Re: [ceph-users] Review of Ceph on ZFS - or how not to deploy Ceph for RBD + OpenStack

2017-01-11 Thread Willem Jan Withagen
On 11-1-2017 08:06, Adrian Saul wrote:
> 
> I would concur having spent a lot of time on ZFS on Solaris.
> 
> ZIL will reduce the fragmentation problem a lot (because it is not
> doing intent logging into the filesystem itself which fragments the
> block allocations) and write response will be a lot better.  I would
> use different devices for L2ARC and ZIL - ZIL needs to be small and
> fast for writes (and mirrored - we have used some HGST 16G devices
> which are designed as ZILs - pricy but highly recommend) - L2ARC just
> needs to be faster for reads than your data disks, most SSDs would be
> fine for this.

Been using ZFS on FreeBSD ever since 2006, an I really like it.
Other than that it does not scale horizontally.

Ceph does a lot of sync()-type calls.
If you do not have a ZIL on SSDs, then ZFS create a ZIL on HHD for the
sync() writes
Most of the documentation then talks about using that to reliably speed
up NFS. But it is actually for ANY sync() operation.

> A 14 disk RAIDZ2 is also going to be very poor for writes especially
> with SATA - you are effectively only getting one disk worth of IOPS
> for write as each write needs to hit all disks.  Without a ZIL you
> are also losing out on write IOPS for ZIL and metadata operations.

I would definitely not have used a RAIDZ2 if speed is of the utmost
importance. It has it's advantages, but now you are both using ZFS's
redundancy AND the redundancy that is in CEPH.
So 2 extra HDD's in ZFS, and then on to off that the CEPH redundancy.

I haven't tried a large cluster yet, but if money allows it my choice
would be 2 disks mirrors per OSD in a vdev-pool. And use that with a ZIL
on SSD. This gives you 2* write speed IOPS of the disks.
Using the raid-types does not give you much extras for speed when tere
are more spindles.

One of the things that would be tempting is to even have only 1 disk in
a vdev, and let ceph do the rest. Problem is that you will need to
ZFS-scrub more often, and repair manually. Because errors will be
detected, but cannot be repaired.

We have not even discussed compression in ZFS, because that again is a
large way of getting more speed out of the system...
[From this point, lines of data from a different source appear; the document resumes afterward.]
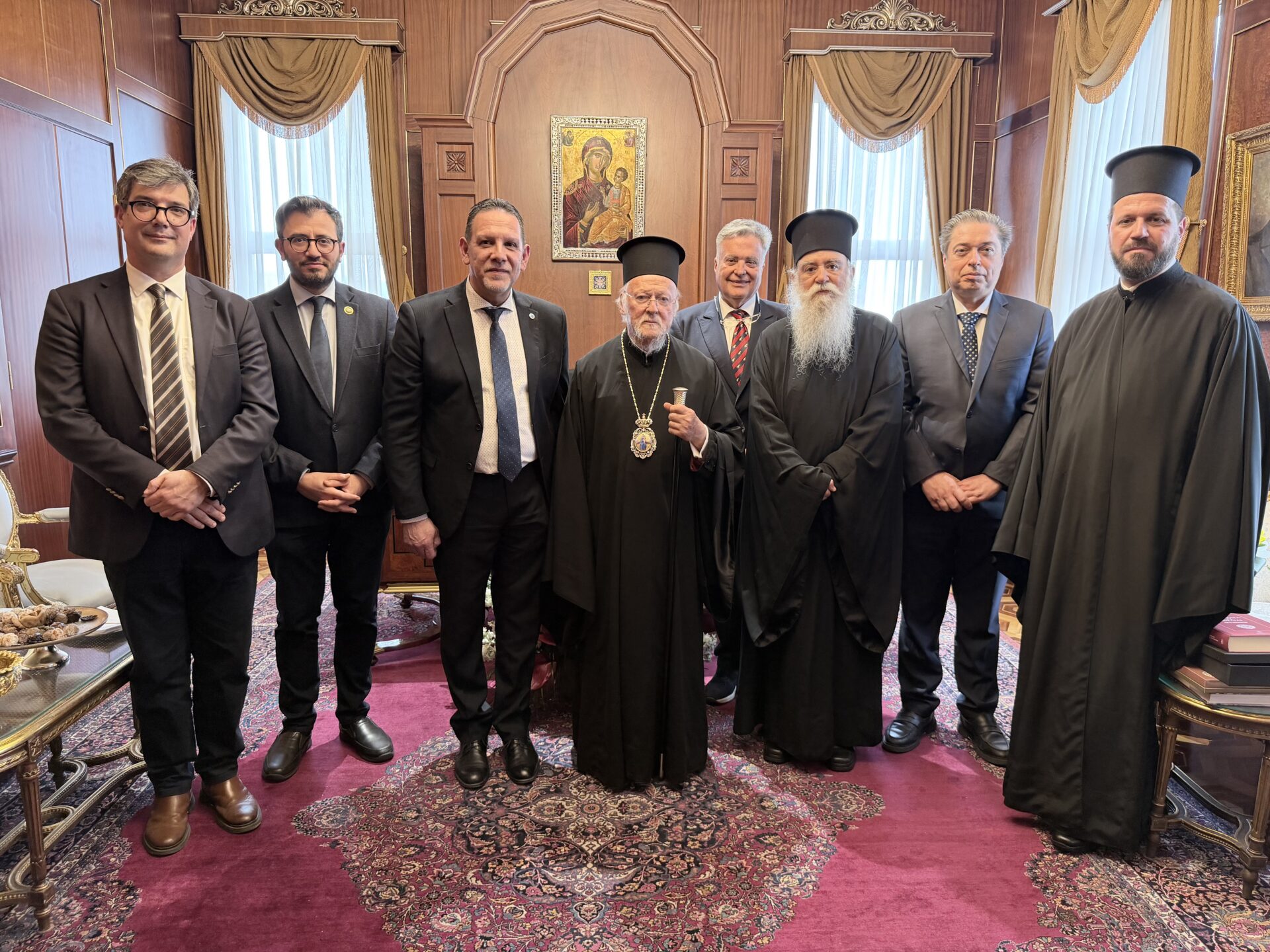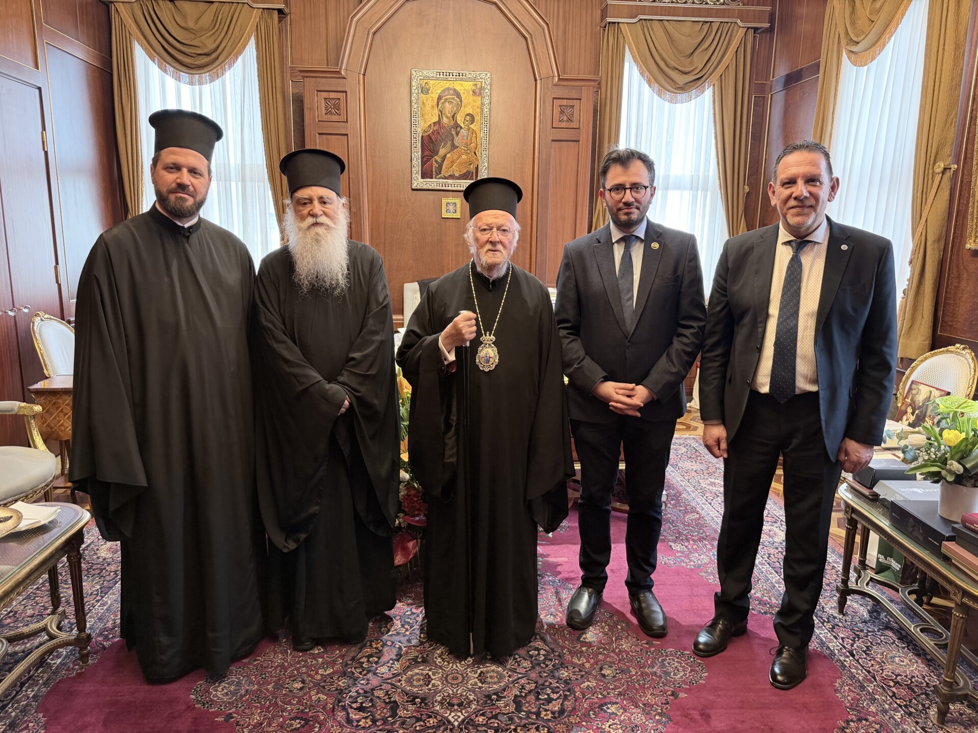 Την τιμητική απόφαση της Συγκλήτου του εκπαιδευτικού Ιδρύματος ανακοίνωσαν επίσημα στον Παναγιώτατο ο Πρύτανης, Καθηγητής κ. Ανδρέας Φλώρος και ο Άρχων Οφφικιάλιος του Πατριαρχείου Αλεξανδρείας κ. Χρήστος Καρύδης, Αναπλ. Καθηγητής και Πρόεδρος του Τμήματος, κατά την πρόσφατη συνάντηση που είχαν στο Φανάρι.
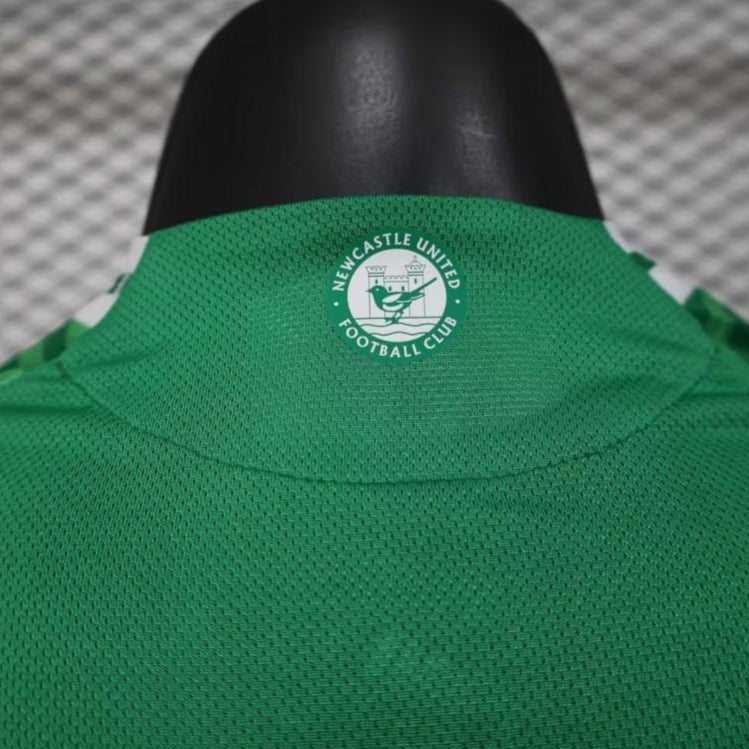 For the 25/26 season, Newcastle turns heads with a bold green away kit that feels both fresh and classic. The striped wave pattern across the front gives the shirt a dynamic energy, while the monochrome club crest and white sponsor detailing keep the look clean and modern.
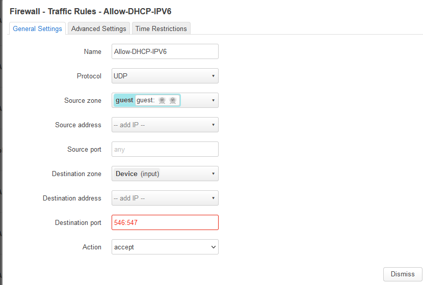 From what I remember the issue was mainly with the protocol setting, although it looks like LuCI isn’t happy about the destination port in your screenshot. Change it to 546-547 and I think it’ll accept it.
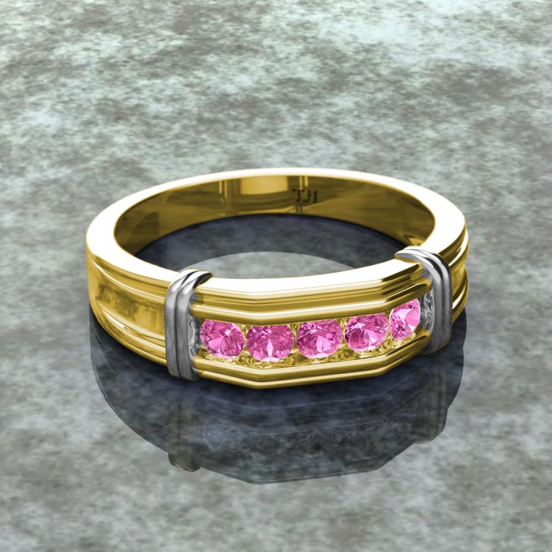 0.53 ctw Round 5 Pink Sapphire (3 mm) using Channel setting Men Wedding Band in 10K Yellow Gold More Details ...

There are also some questions that I'm wondering about:
 - L2ARC uses (lots of) core memory, so do the OSDs and then there is
the buffer. All these interact, and compete for free RAM.
   What mix is sensible and gets most out of the memory you have.
 - If you have a fast ZIL, would you still need a journal in Ceph?

Just my 2cts,
--WjW


>> -Original Message- From: ceph-users
>> [mailto:ceph-users-boun...@lists.ceph.com] On Behalf Of Patrick
>> Donnelly Sent: Wednesday, 11 January 2017 5:24 PM To: Kevin
>> Olbrich Cc: Ceph Users Subject: Re: [ceph-users] Review of Ceph on
>> ZFS - or how not to deploy Ceph for RBD + OpenStack
>> 
>> Hello Kevin,
>> 
>> On Tue, Jan 10, 2017 at 4:21 PM, Kevin Olbrich  wrote:
>>> 5x Ceph node equipped with 32GB RAM, Intel i5, Intel DC P3700
>>> NVMe journal,
>> 
>> Is the "journal" used as a ZIL?
>> 
>>> We experienced a lot of io blocks (X requests blocked > 32 sec)
>>> when a lot of data is changed in cloned RBDs (disk imported via
>>> OpenStack Glance, cloned during instance creation by Cinder). If
>>> the disk was cloned some months ago and large software updates
>>> are applied (a lot of small files) combined with a lot of syncs,
>>> we often had a node hit suicide timeout. Most likely this is a
>>> problem with op thread count, as it is easy to block threads with
>>> RAIDZ2 (RAID6) if many small operations are written to disk
>>> (again, COW is not optimal here). When recovery took place
>>> (0.020% degraded) the cluster performance was very bad - remote
>>> service VMs (Windows) were unusable. Recovery itself was using 70
>>> - 200 mb/s which was okay.
>> 
>> I would think having an SSD ZIL here would make a very large
>> difference. Probably a ZIL may have a much larger performance
>> impact than an L2ARC device. [You may even partition it and have
>> both but I'm not sure if that's normally recommended.]
>> 
>> Thanks for your writeup!
>> 
>> -- Patrick Donnelly 
>> ___ ceph-users mailing
>> list ceph-users@lists.ceph.com 
>> http://lists.ceph.com/listinfo.cgi/ceph-users-ceph.com
> Confidentiality: This email and any attachments are confidential and
> may be subject to copyright, legal or some other professional
> privilege. They are intended solely for the attention and use of the
> named addressee(s). They may only be copied, distributed or disclosed
> with the consent of the copyright owner. If you have received this
> email by mistake or by breach of the confidentiality clause, please
> notify the sender immediately by return email and delete or destroy
> all copies of the email. Any confidentiality, privilege or copyright
> is not waived or lost because this email has been sent to you by
> mistake. ___ ceph-users
> 

Re: [ceph-users] Review of Ceph on ZFS - or how not to deploy Ceph for RBD + OpenStack

2017-01-10 Thread Adrian Saul

I would concur having spent a lot of time on ZFS on Solaris.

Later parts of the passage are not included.